After we had learned that our supposedly complimentary refrigerator was going to cost us $30 a day, Dana made a trip to the nearby supermarket and picked up some things, including a small styrofoam cooler, so we only had to use the refrigerator one night. I can understand that the hotel wants people to eat in their restaurant, but nobody has time for all three meals with so much going on, and heaven forbid that we would want to spend that kind of money on food when it could be spent on more worthwhile things like minis from around the world! So that morning we ate our leftovers from the night before, and that cold hamburger half was about as good as the original the night before; very tasty! Even leftover sweet potato fries tasted good.

Dana loaded up her backpack and after saying hi to people she headed off again and I hurried to make stones on my wee cottage. By this time I had relaxed, figuring what the heck, the world wouldn't stop turning if I didn't do everything as quickly as others. I also poured some of the Roo glue and the wood glue into containers to dip my brush and pick into. That little detail really speeded things up, not having to share the bottles. Shows you the state of nervous dithering I was in the day before, because that's the way I work at home anyway.

Gluing that little ledge around three sides was a real challenge. Eventually there will be red frames around those windows, and the windows themselves will have an antique look by filling each pane with glue.
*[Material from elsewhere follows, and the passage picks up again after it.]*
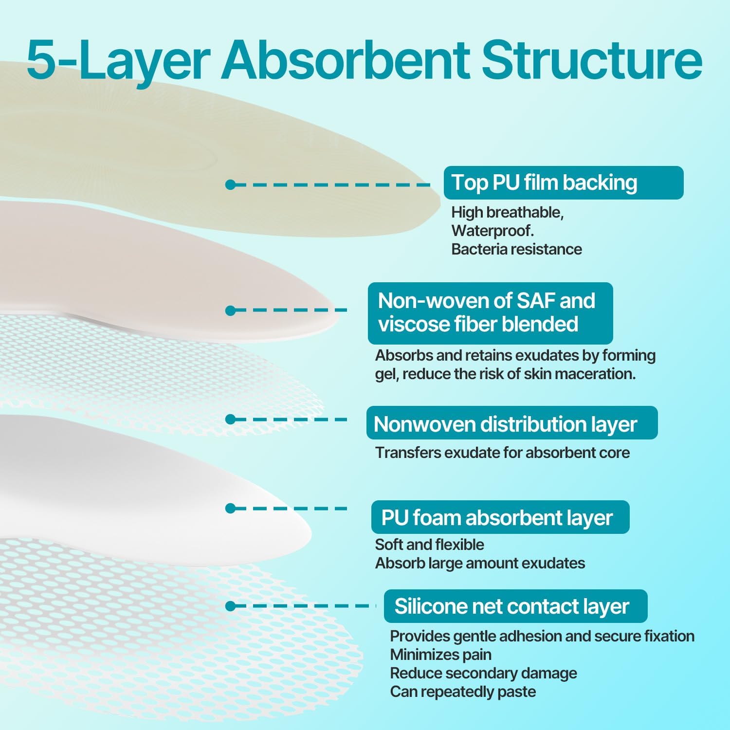 - TAKE GOOD CARE OF THE WOUND LESS PAIN - Absorbs 15 times of wound fluid thanks to our 5 layers material self-adherent dressings. It maintains a healthy moisture environment, creates a barrier from the outside, take good care of the wound.

We are to use three different colors randomly dotted on the stones, then a dirty water wash, etc. Here I have begun the process of washing the stones with the first color, although my paint wasn't diluted enough. But I was too tired to care at that point, figuring I could redo it at home.

This is a view of the front entryway, with a piece of Suzanne's prototype's art. (At the end of the workshop she surprised us with a packet of all the art she had used in her prototype!)

The doorway is darkened so you can't see it here, but there are stairs going up to the next level. To the right is the sunken great room with two steps down; to the left is a doorway into the main part of the house. Eventually the rough edges will be covered in the floor and a red front door will be installed inside the porch.

This is the sunken great room. There will be red framing around the windows and doors eventually, and if I want to add a fireplace it will be between the two windows on the left.

Although it's not visible, to the right is the same type of wood floor on a raised subfloor. Once the interior finishing is done, I will lightly sand and then put either another coat of stain or a just a coat of wax finish on the floors because they have gotten quite scuffed in the construction process.

The workshop was to end at 1:00 but Suzanne said the room was available for the afternoon, although she would not be there, and some stayed to work.

I had gotten all the hard part done, although there will be touch ups in various areas of the stones, and I still need to layer the stone pieces on the steps' walls. Then I need to do the color washes on the stones and more on the house, adding exterior and interior doors and trims, and put one more wash on the as-yet-unattached shingled roof. Some participant who had already finished kindly added the first two washes to my roof - thanks!

I decided not to work any further that afternoon, so said my thank-you and goodbyes, knowing that I could do the finishing easily by following Suzanne's excellent instructions.

And, as I had hoped, this little cottage fit neatly into my QC carry-on bag.

My little Stone Briar Manor will take pride of place in my living room before too long, and I am confident that a story will come for it - surely. I would take another workshop from Suzanne and Andy in a heartbeat. It was a great learning experience and I feel much more confident about working on some unfinished houses that I have already started.